GIVEN INFORMATION ▸
================

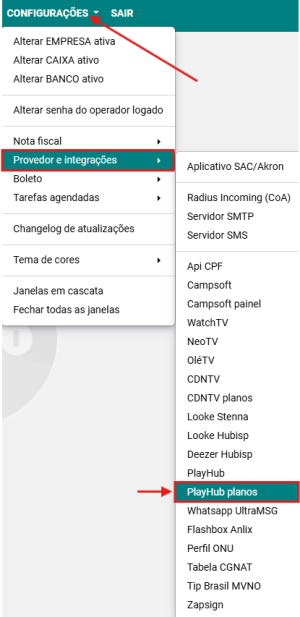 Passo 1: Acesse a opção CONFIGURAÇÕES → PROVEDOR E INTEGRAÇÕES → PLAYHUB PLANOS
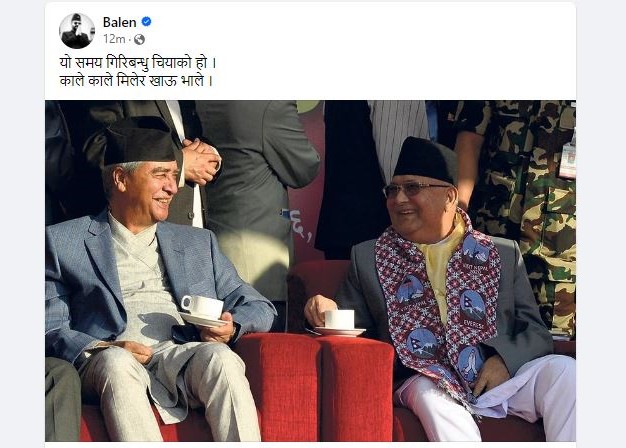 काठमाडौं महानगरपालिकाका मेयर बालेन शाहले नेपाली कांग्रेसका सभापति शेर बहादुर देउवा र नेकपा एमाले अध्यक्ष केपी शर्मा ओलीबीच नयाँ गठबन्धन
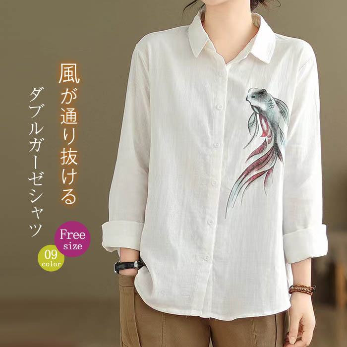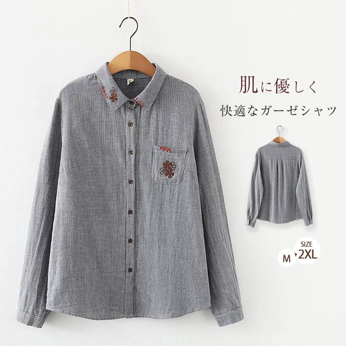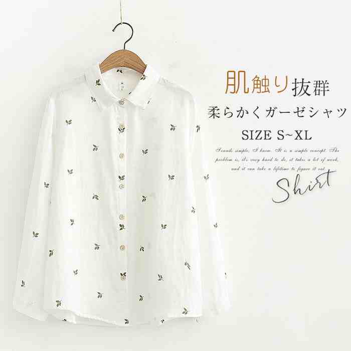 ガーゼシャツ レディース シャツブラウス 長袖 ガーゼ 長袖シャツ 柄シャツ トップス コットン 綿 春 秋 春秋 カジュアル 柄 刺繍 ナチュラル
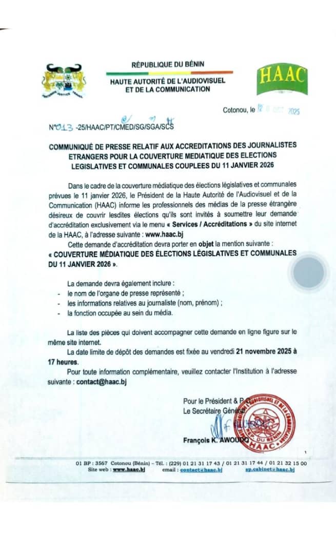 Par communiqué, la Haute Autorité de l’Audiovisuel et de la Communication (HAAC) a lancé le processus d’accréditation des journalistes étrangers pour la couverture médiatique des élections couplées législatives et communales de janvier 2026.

================

WORK TASK ▸ Your answer must be an exact copy of the lines from the line with "ガーゼシャツ レディース シャツブラウス" to the final line of the data, both ends included, and no pictures.

RESPONSE AREA ▸
 ガーゼシャツ レディース シャツブラウス 長袖 ガーゼ 長袖シャツ 柄シャツ トップス コットン 綿 春 秋 春秋 カジュアル 柄 刺繍 ナチュラル
 Par communiqué, la Haute Autorité de l’Audiovisuel et de la Communication (HAAC) a lancé le processus d’accréditation des journalistes étrangers pour la couverture médiatique des élections couplées législatives et communales de janvier 2026.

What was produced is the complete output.